Really?? No man was able to uphold the holy law? That’s incredible! Well in that case surely the holy law was fundamentally flawed.

<< Even a man lusting after a woman not his wife is considered an adulterer. That makes 99 per cent of men adulterers at heart. >>

Yes exactly. It is just human nature for men to find women other than their partner attractive and to have ‘evil’ lustful thoughts.

Seems like the holy law is definitely at fault here if it prevents such a thing.

<< A code of conduct would not of stopped Ms Gillard from stabbing a PM in the back or lying to the electorate >>

Gillard didn’t stab Rudd in the back. Rudd performed so dismally as PM that his colleagues saw the need to replace him. Gillard as deputy PM was the obvious choice. But yes, a code of conduct would not have prevented this… and rightly so! Rudd needed to go!

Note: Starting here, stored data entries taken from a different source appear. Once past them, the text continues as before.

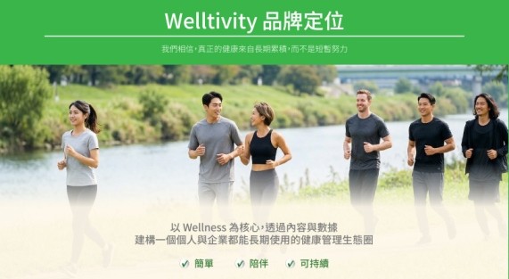 Welltivity 作為喬山健康科技集團旗下的全球大健康生活平台,致力於全方位打造開放、共榮的「大健康生態圈」。以Wellness為核心,透過內容與數據,建構一個個人與企業都能長期使用的健康管理生態圈。
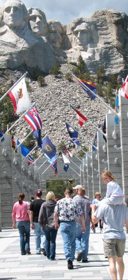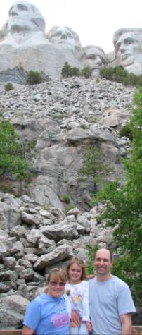 The first stop had to be Mount Rushmore. After all the talk about "the big heads" I still can't believe it! They are really BIG! Are you keeping up back there? HURRY! |
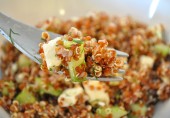 Салат из киноа с овощами, мексиканским сыром и оливками, заправленный оливковым маслом и соком лайма.
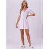 Upgrade your nighttime attire with this women's soft v-neck nightgown. Indulge in comfort and style with this women's nightgown sleep dress featuring a soft V-neck and short sleeves. This loungewear piece offers a cozy feel and a relaxed fit for ease of movement. The classic design of the V-neck short-sleeved nightgown exudes elegance and simplicity, perfect for unwinding at home or running errands. Made from breathable fabric, this versatile piece is suitable for year-round wear. Elevate your sleepwear collection with this chic and comfortable night dress.

<< Honesty and integrity come through character and not codes of conducts. >>

But how do you know who has real honesty and integrity before we elect them? We don’t. So we need a good code of conduct to keep the majority of people elected to parliament with little or selective honesty and integrity in line.

<< The only thing that might improve the current state of affairs with a Government with little to no morals is an election >>

No it wouldn’t, because the opposition is just as bad. The only thing that will improve the current dismal state of affairs is a good code of conduct…and a rigorous upholding thereof!